Creating systems based on GPU is costly. GPU manufacturers do not allow the use of cheap consumer cards in data centers. Specialized equipment is more expensive and consumes significant amounts of electricity.
Cloud computing can be the solution. But vGPU-based systems are still less popular than on-premise. In 2018, NetApp interviewed hundreds of IT professionals from companies that use graphics processors in their work. About 60% of respondents said that they buy equipment. Only 23% chose the Cloud option.
The reason for this discrepancy is the well-established view that virtualization reduces the performance of devices. In fact, in modern systems, vGPU is almost as good as bare-metal (the difference is only 3%). This is possible thanks to new hardware and software solutions offered by the developers of graphics cards and equipment for data centers.
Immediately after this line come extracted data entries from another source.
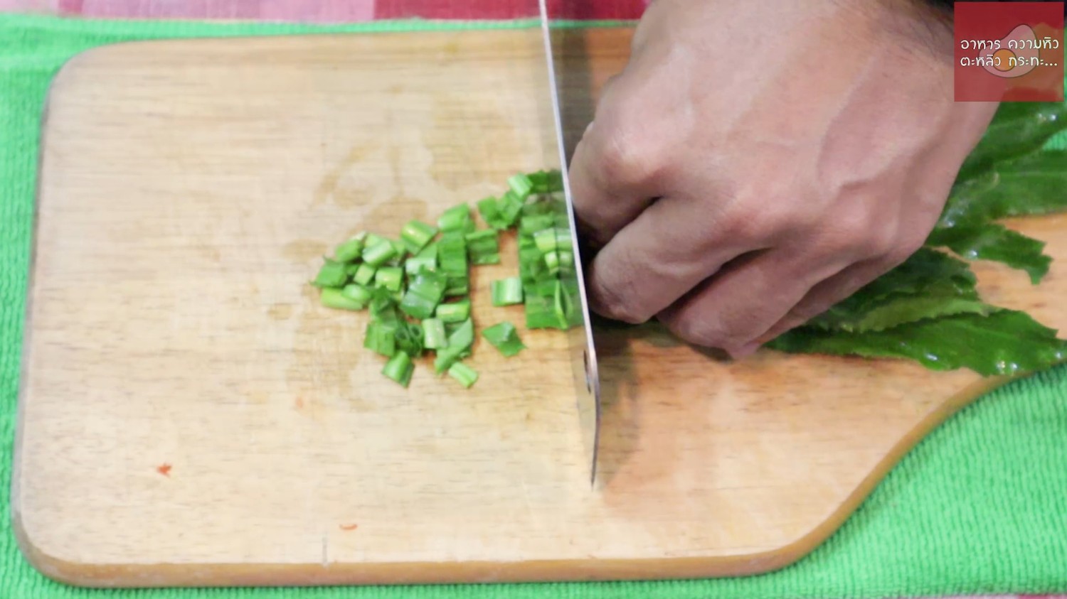 2.ซอยผักชีฝรั่งเป็นท่อนเล็กๆ เพิ่มสีสัน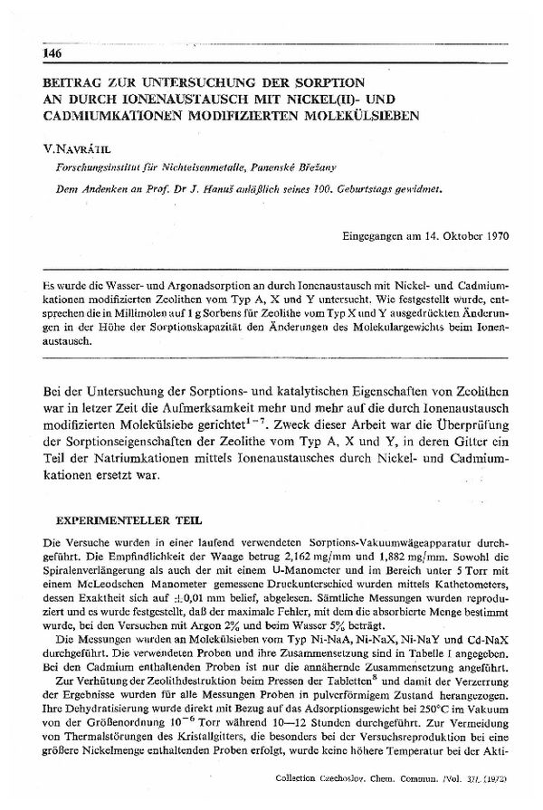 Beitrag zur Untersuchung der Sorption an durch Ionenaustausch mit Nickel(II)- und Cadmiumkationen modifizierten Molekülsieben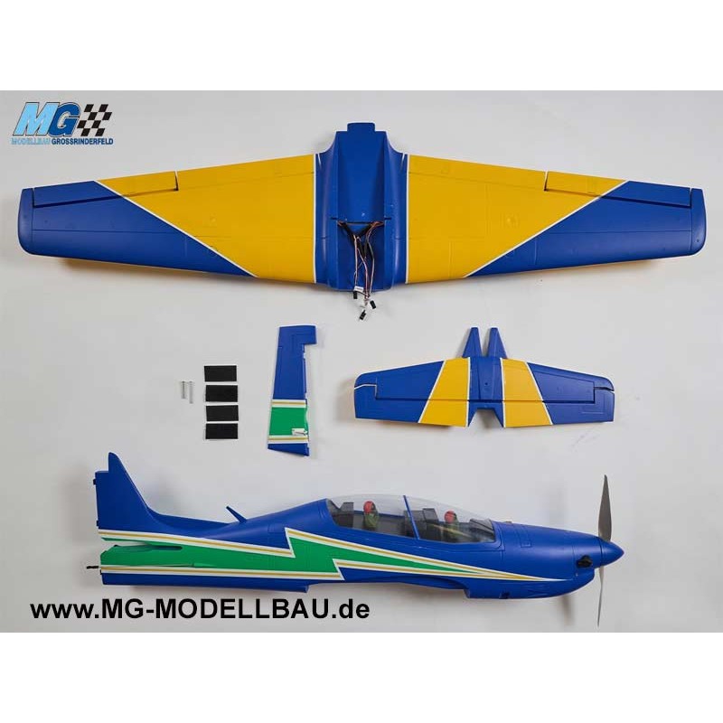 Die Tucano von DERBEE ist ein originalgetreues RC-Flugzeug mit 120cm Spannweite. Das Modell kommt als PNP-Version mit eingebauter Elektronik und fertig installiertem Einziehfahrwerk nahezu flugfertig aus der Box. Du benötigst lediglich einen passenden Akku und einen Empfänger um die Tucano in die Luft zu bringen.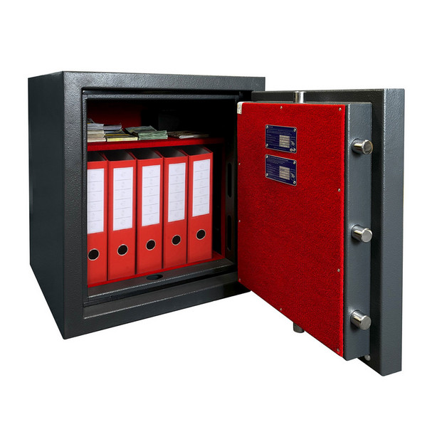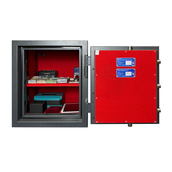Корпус сейфа заповнений спеціальним фортифікаційним бетоном. Товщина захисного шару складає 40 мм. По периметру дверей розміщено термострічку, яка під дією високих температур розширюється та герметизує отвір сейфу, захищаючи вміст від проникнення високих температур. Закривається сертифікованим електронним сейфовим замком Carl Wittkopp з можливістю аварійного відкривання ключем з прихованим доступом до замку. У комплект входить два аварійних ключа. Замикання здійснюється ригельною системою тристоронньої дії. Товсті обертові ригеля діаметром 25 мм забезпечать практичний захист від можливості їх перепилювання. Додатково з боку петель є 3 антизрізи. В конструкції сейфа є надміцні сталеві пластини товщиною 4 мм, що захищають від висвердлювання або вибивання замків та ригелів.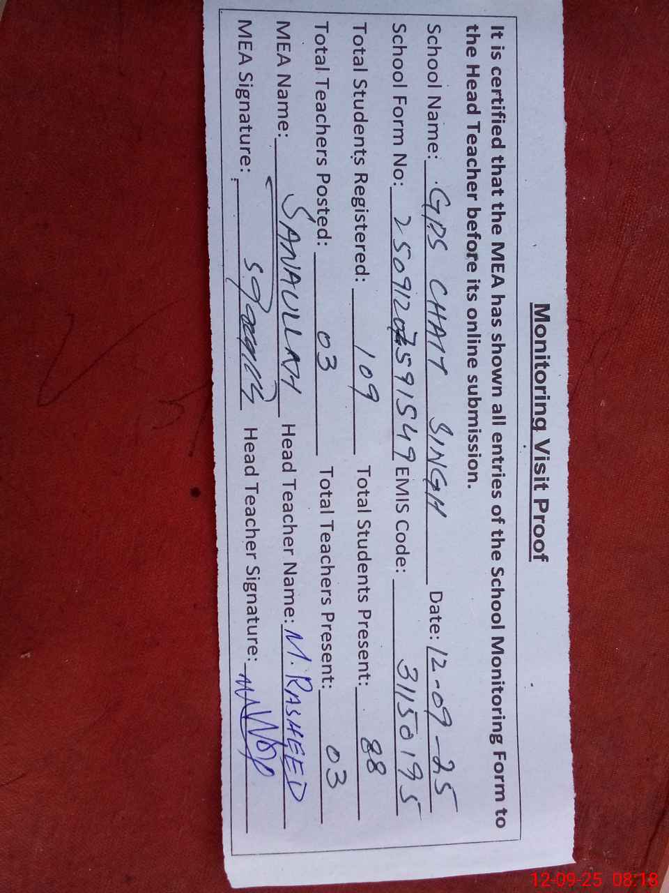 | EMIS Code: 31150195 | Name of School: GPS CHAIT SINGH | |||
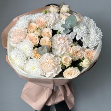 Букет из пионовидных роз и хризантем

In February of this year, VMware announced an update for the ESXi hypervisor. It has increased the speed of the virtual GPU with the help of two innovations. The first is that ESXi added DirectPath I / O technology. It allowed the CUDA driver to communicate with the GPU bypassing the hypervisor and thus transfer data faster. The second innovation is that vMotion has been removed from ESXi. In the case of a GPU, this procedure is not necessary, since the VM always works with one accelerator. This solution has reduced the transaction costs of data transfer.
Another platform released Nvidia. The company introduced an open source solution called Rapids. It combines several libraries for working with CUDA architecture. These libraries help with the preparation of data for training neural networks and automate the work with Python-code. All this functionality simplifies working with machine learning algorithms.
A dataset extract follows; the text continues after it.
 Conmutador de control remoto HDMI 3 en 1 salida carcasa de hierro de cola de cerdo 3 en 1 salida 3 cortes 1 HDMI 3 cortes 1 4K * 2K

A similar platform called ROCm is created in AMD. The solution combines many libraries for the organization of high-performance computing. It is based on a special C ++ dialect called HIP. It simplifies the execution of mathematical operations on the GPU. It is about working with sparse matrices, fast Fourier transform and random number generators. Also in the platform is the technology of SR-IOV (single-root input / output virtualization). It shares a PCIe bus between virtual machines, which speeds up data transfer between cloud-based CPUs and GPUs.
Open source solutions for accelerating GPU computing, like ROCm and Rapids, allow data center operators to more efficiently use computational resources and get more performance from the available hardware. Speaking of iron …
GPU developers are releasing hardware solutions that improve the performance of vGPU clusters. For example, last year Nvidia introduced a new graphics processor for Tesla T4 data centers based on the Turing architecture. Compared to previous-generation GPUs, T4 performance for 32-bit floating point operations has increased from 5.5 to 8.1 teraflops (p. 60 of the document).
The new architecture has increased accelerator performance by separating work with integer and floating-point operations. Now they are executed on separate cores. Also, the developer combined the shared memory and L1 cache into one module. This approach has increased the throughput of the cache and its volume. T4 cards are already being used by large cloud providers.
In the near future, experts expect growth in demand for cloud-based graphics accelerators. This will contribute to the development of hybrid technologies that combine the GPU and CPU in a single device. In such integrated solutions, two types of cores share a common cache, which speeds up the transfer of data between graphics and traditional processors. For these chips, special load balancers are already being developed, which increase the performance of vGPU in the cloud by 95% (slide 16 of the presentation).
But some analysts believe that virtual GPUs will be replaced by new technology – optical chips in which data is encoded by photons. On such devices already run machine learning algorithms. For example, the optical chip of the startup LightOn fulfilled the task of transfer learning several times faster than an ordinary GPU – in 3.5 minutes instead of 20.
Most likely, the first new technology will begin to introduce large cloud providers. Optical chips are expected to accelerate the learning of recurrent neural networks with LSTM architecture and direct-distribution neural networks. The makers of optical chips hope that such devices will go on sale in a year. A number of major providers are already planning to test a new type of processors in the cloud.
What is the result?
It is hoped that such decisions will lead to an increase in the popularity of cloud high-performance technologies and the number of companies processing big data in the cloud will increase.